Knowing a local is the gold standard, Paty. 🙂 Thanks!
Thank you for the handy ideas on researching locations.
I also found historic maps online, in my new civil war novel. Here’s another tip for creating the setting: I Googled the years prior to and during my story for historical events for figures my characters might know or mention in conversation. I used an Almanac to get the area weather right for that time of year and the plants proper growing season. I used the correct sunrise and sunset time in my story to help set some scenes. Determining the temperatures identified the types of clothing my characters wore. For example, in one crucial night scene, I included the correct half-moon phase for my characters to have just enough light to see something happen and then have a cloud momentarily block the moonlight so someone else could escape. I hope this helps someone.
May I add to your suggestions Lyn by saying that the most important of all your excellent list is that one about talking to people who have been there. That’s the way you’ll find out about scents and sound which make the reader feel they are in the place.
Reading a general history book of the place can really help too.
I have winced over Indie books with Victorian morning calls at 10 a.m., decimal currency used before decimalisation and an Australian summer in June, with cars on the right in New Zealand and Japan! (You don’t cross the road to make a left hand turn when you drive on the left!)
LoL I love your comment about the cars, oh so true. Also, authors often mess up on distances, the other year, I stopped reading a book on the second page when the protagonist raced from Washington DC to New York City in two hours, without stopping to pay tolls on the Jersey Turnpike or else where LoL.
I’ve been using Google Earth and Google Maps, including the Street View feature, for some years now. At least from the visual angle, it’s almost like being there. But there is a lot it can’t tell you, so thank you and those who commented for the additional suggestions. Much appreciated!
My current wip takes place in 1685, a small market town in Kent, England.
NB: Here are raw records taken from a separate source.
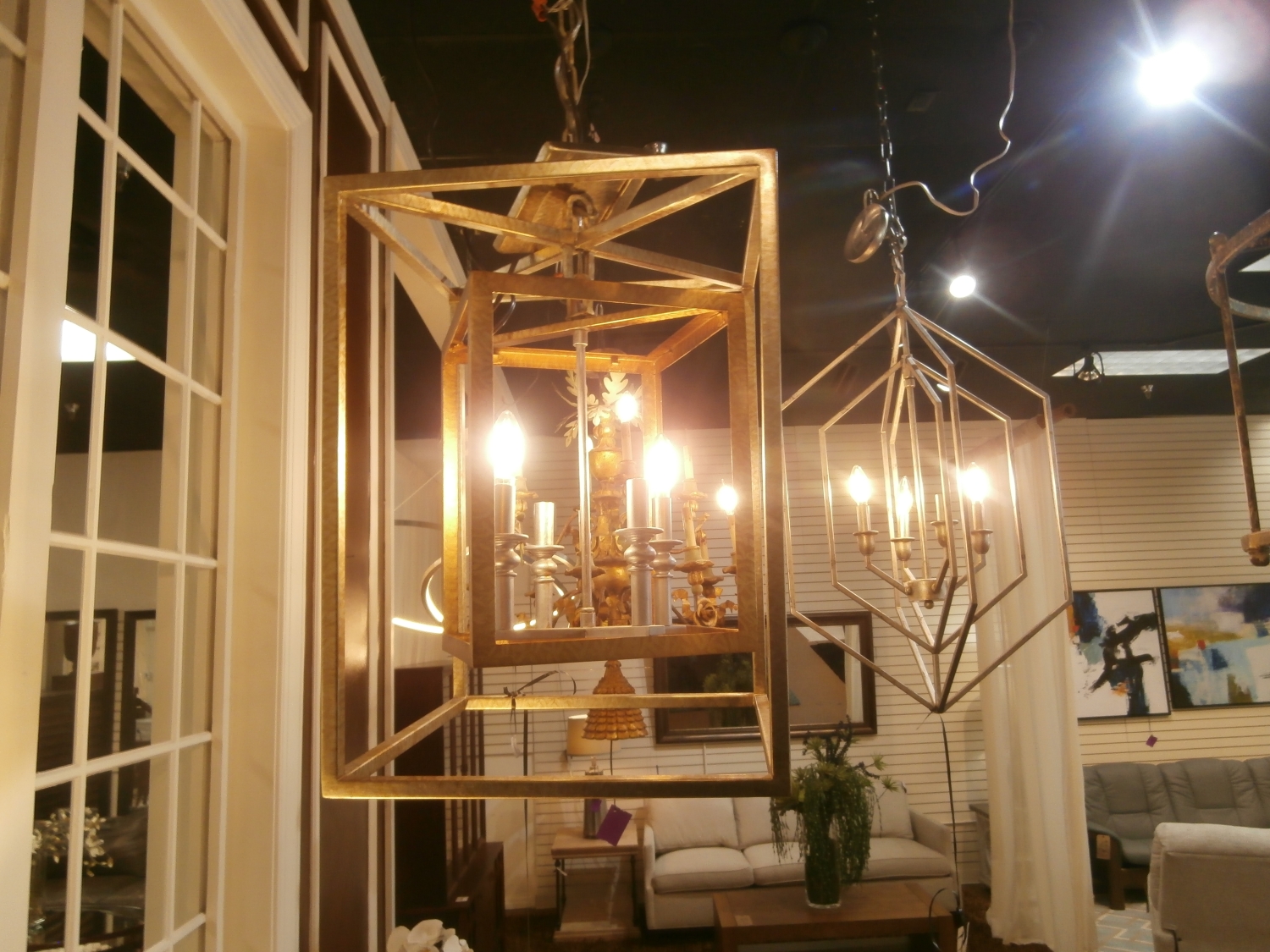 Gold metal chandelier measuring 22"W,16"D,16"H. Many different ones at post.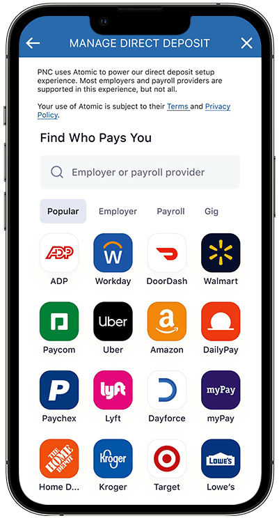 There are thousands of employers supporting close to 80% of payees in the United States. If you can’t find your employer or payroll provider, you can submit a copy of the PDF form on pnc.com to your employer for processing.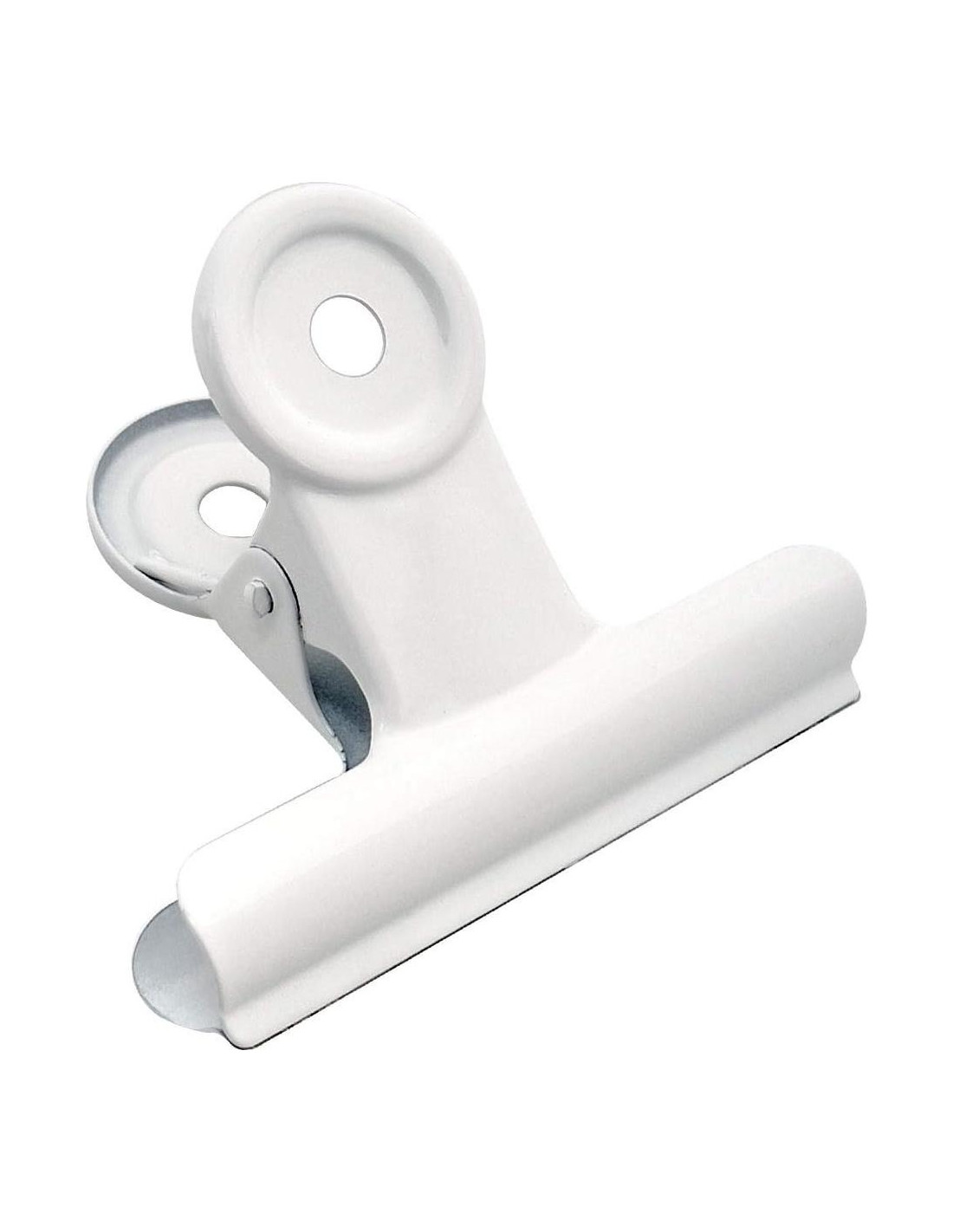 - Los clips de bisagra blancos incorporan un pequeño agujero en las manijas, lo que te facilitará colgar el clip en paredes, puertas, carteles y más

Using Google, I discovered the town’s historical society website with a wealth of information and photos, Unfortunately cameras were not around in the 17th century.
If you are looking for some excellent historical background and perspective, check out Peter Ackroyd’s history of England series, especially the 1st two books “Foundation” and “The Tudors” among other books by him.
But there are a lot of paintings from that period, so looking through art history books and visiting art museums could be helpful.